Zimbabwe on 5 July 2019 gazetted the Freedom of Information Bill, (House Bill 6 of 2019) (hereinafter
Bill). This is part of government efforts to repeal the Access to Information and Protection of Privacy Act
(2001) (hereinafter AIPPA).
Introduction of a revised access to information law is consistent with global, regional practices, and furthers
the provisions of the 2013 Constitution of Zimbabwe. The Constitution provides under section 62
(1)-(4) for access to information.
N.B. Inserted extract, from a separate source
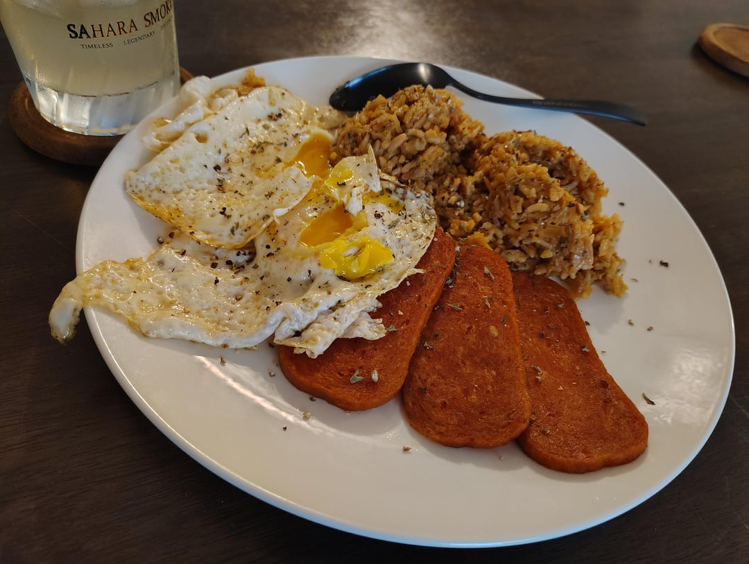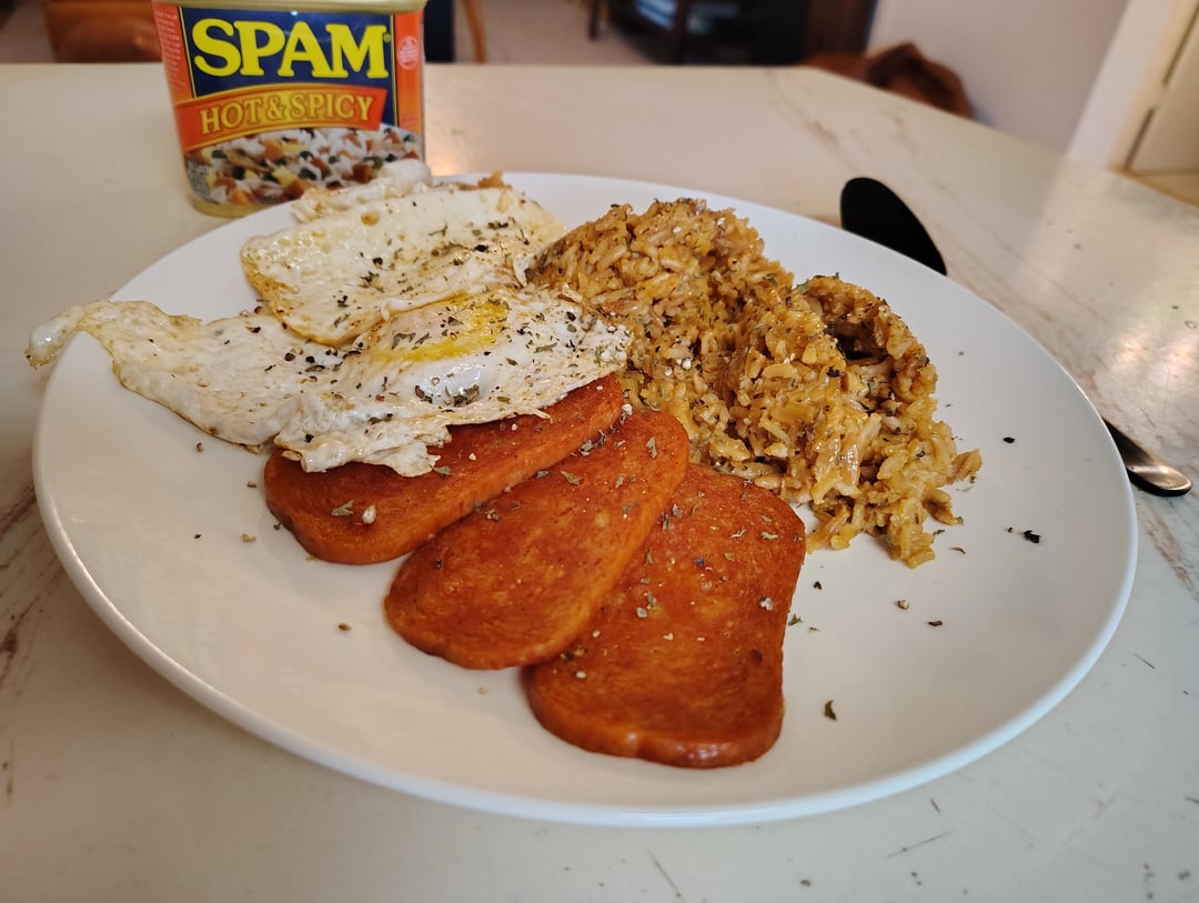 Hot & spicy spam, broccoli cheddar rice, eggs over easy
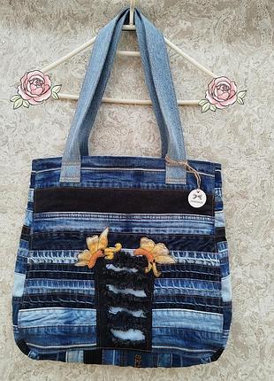 Джинсова сумка-шопер (на плече) виміри на останній світлині всередині дві кишені одна без змійки, одна з блискавкою точні кольори не передає фото! Можна прати в пранні, 30-40 градусів, віджимання не більш ніж 600 обертів, щоб слугувала довше подклад х/б Обміну та поверненню немає!

The section provides as follows:
(1) Every Zimbabwean citizen or permanent resident, including juristic persons and the Zimbabwean media,
has the right of access to any information held by the State or by any institution or agency of government at
every level, in so far as the information is required in the interests of public accountability. (2) Every person,
including the Zimbabwean media, has the right of access to any information held by any person, including
the State, in so far as the information is required for the exercise or protection of a right. (3) Every person
has a right to the correction of information, or the deletion of untrue, erroneous or misleading information,
which is held by the State or any institution or agency of the government at any level, and which relates to
that person.
(4) Legislation must be enacted to give effect to this right but may restrict access to information in the interests
of defence, public security or professional confidentiality, to the extent that the restriction is fair, reasonable,
necessary and justifiable in a democratic society based on openness, justice, human dignity, equality and

The gazetted Bill was developed pursuant to these provisions but more specifically as it relates to Section
62 (4), which mandates the State to come up with subsidiary legislation to give effect to the right. It has
been accepted and established as both practice and precedent in law, that enjoyment of freedom of
expression, freedom of the media and right to receive or impart ideas and communication, or right to
participate in the affairs of one’s country cannot be enjoyed or fully exercised without the access to
information right. Further, Section 194 of the Constitution mandates the provision of timely, accessible,
and accurate information to members of the public.